Rudy Giuliani, the former mayor of New York, spoke Sunday about the problem, blasting the nation's "inability to deal with mental illness and our inability to deal with it as a society."
"This man was crying out for someone who needed to be treated," he told CBS News. "You would think, at some point along the way, he'd have been evaluated."
Giuliani said he learned as mayor that many people diagnosed with mental illness get no follow-up treatment or prescribed medication.
"Maybe that follow-up is needed now. And that would probably be the most relevant response to this tragedy."

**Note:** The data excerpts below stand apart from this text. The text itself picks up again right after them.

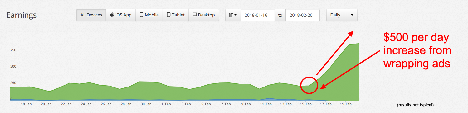 Une fois que toutes les annonces ont été enveloppées sur ce site web, l'EPMV a presque triplé. Cela a entraîné une augmentation des revenus de près de 500 $ par jour.
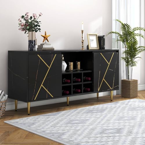 KOMHTOM Armoire multi-usages - Buffet noir avec portes en ve...
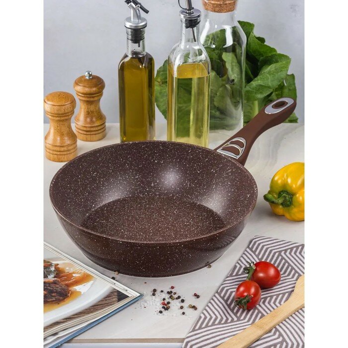 Сковорода BEKKER из кованого алюминия с мраморным покрытием поможет приготовить любимые блюда с минимальными усилиями. Высокие борта делают ее универсальной: она подходит для жарки, пассерования, тушения. Благодаря высоким антипригарным свойствам сковороды готовить на ней можно практически без масла, что особенно актуально для тех, кто контролирует калорийность пищи. Эргономичная бакелитовая ручка с покрытием Soft-Touch делает пользование изделием вдвойне комфортным: она не нагревается, обеспечивает надежный хват, имеет удобное отверстие для подвешивания.
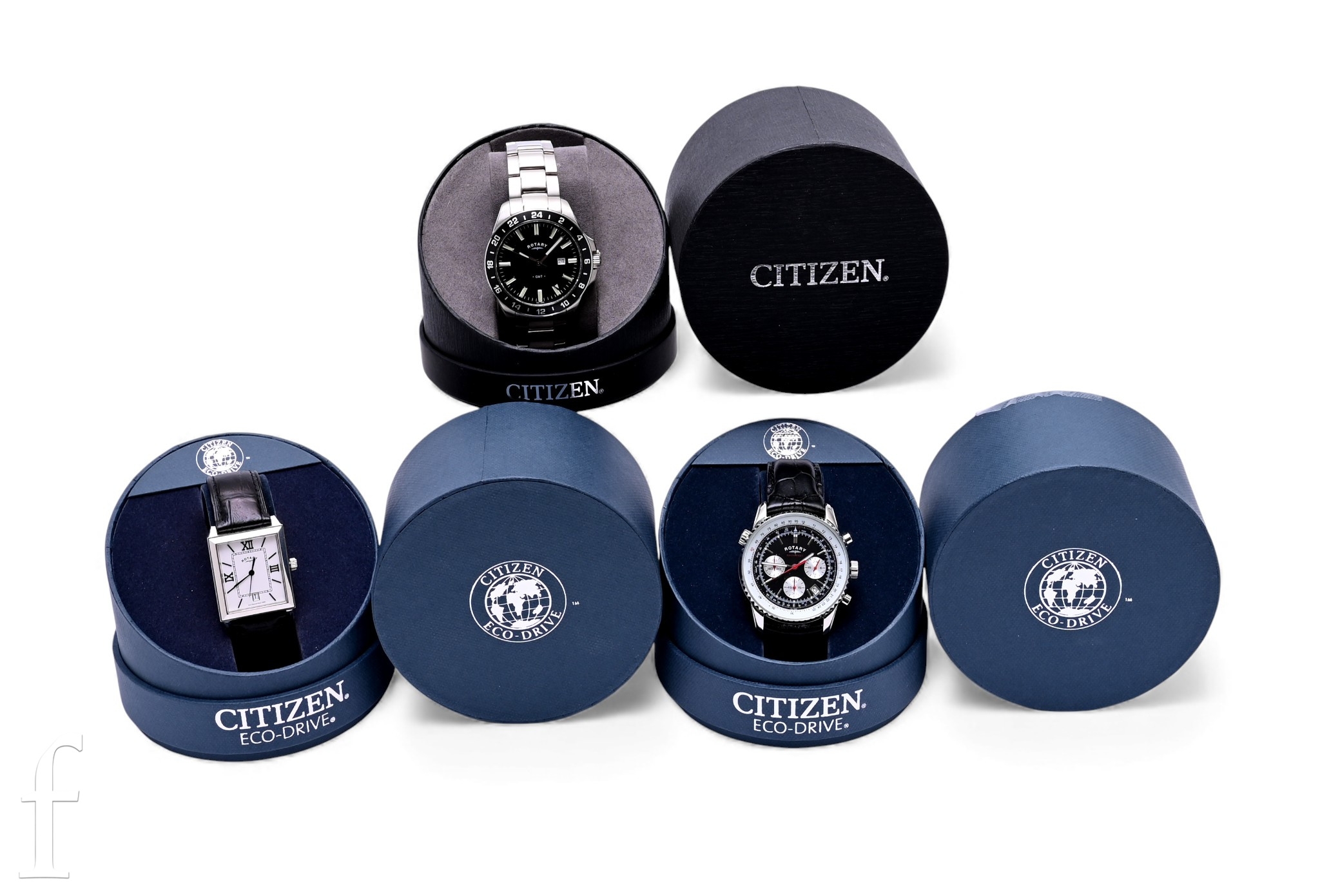Three Rotary stainless steel cased wristwatches with quartz movements to include a 42mm GMT model on stainless steel bracelet with deployment clasp, a 41mm pilot's style chronograph on black leather strap and a dress watch in a 28mm rectangular case on black leather strap, all without papers and each contained within a Citizen box. (3)
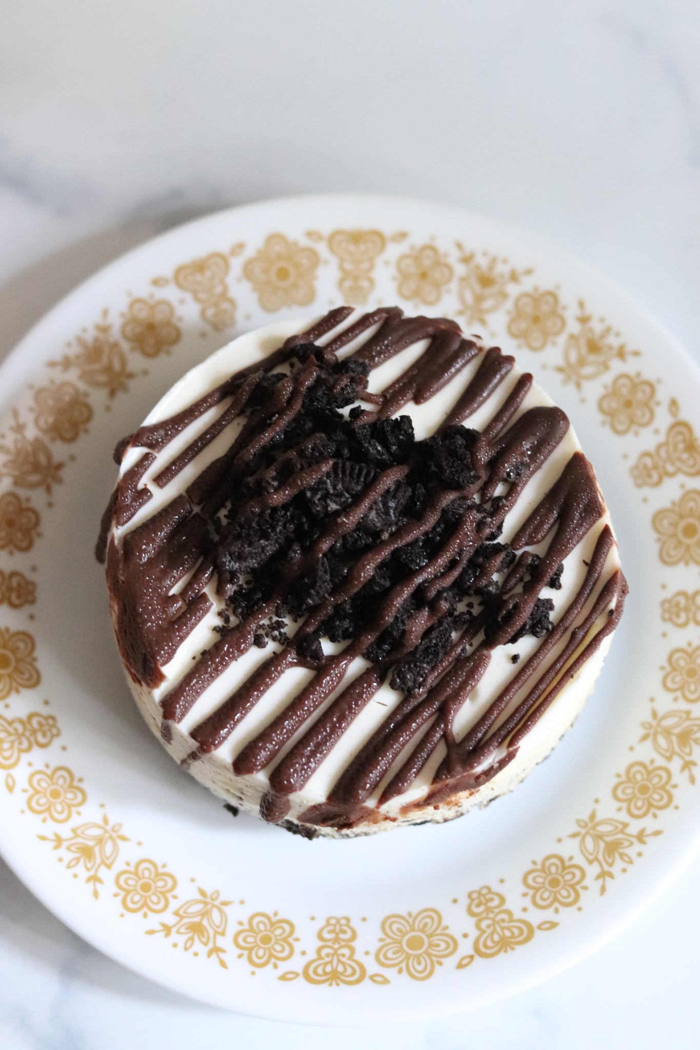 Our Cookies and Cream cheesecake is baked on top of a chocolate cookie crust. Our signature sour cream layer tops this delicious cheesecake along with more chocolate cookies and a drizzle of our scratch-made chocolate ganache. Available in a 9-inch cheesecake or a three pack of mini 4-inch cheesecakes.
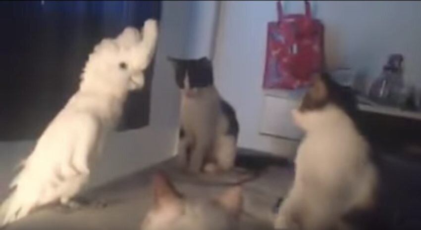 Курицы кудахтают, коровы мычат, а птицы чирикают – вот чему учили всех нас в детстве, не так ли? Ну, возможно, наши родители и учителя знали далеко не все, хотя в то время мы верили в обратное. В этом смешном видеоролике домашний попугай решает присоединиться к своим кошачьим друзьям и немного поговорить с ними. И пернатому удалось внести смуту в кошачье общество! Кошки смотрят на попугая, а он смотрит на них. И когда птица открывает клюв, из него доносится тихое…мяу! Кошки просто в замешательстве! Попугай еще пару раз мяукает, чем удивляет кошек еще больше. Да, этот пернатый, безусловно, смог шокировать пушистиков! Когда вы посмотрите видео, вы точно не отличите его мяуканье от звуков, которые издает настоящая кошка. Когда кошки немного приходят в себя, одна из них пытается подойти к попугаю. Но тут он начинает имитировать змею! Попугай шипит и кот отступает. Вероятно, этот попугай настоящий пародист… Три кота просто в шоке. Они не думали, что один попугай так быстро и ловко поставит

Expansion of the health care system is unlikely in the next few years, with Republicans this month taking control of the House of Representatives and vowing to slash billions of dollars from a bloated federal budget.
But Democrat Debbie Wasserman Schultz acknowledged that "we have a tremendous gap in coverage for mental health care," and that repealing President Barack Obama's signature health care reform law, as Republicans vow to try to do, would invalidate mandates for improved mental health coverage.
As for the warning signs that Loughner presented a threat to society, Pima County sheriff's department chief Rick Kastigar acknowledged there were many.
"But each one was relatively benign," he told ABC News.
"There are criticisms that say, "Why didn't cops arrest this guy before?'" he added.
"We're bound by the law, and the totality of those issues didn't rise to the level that would allow law enforcement to take action."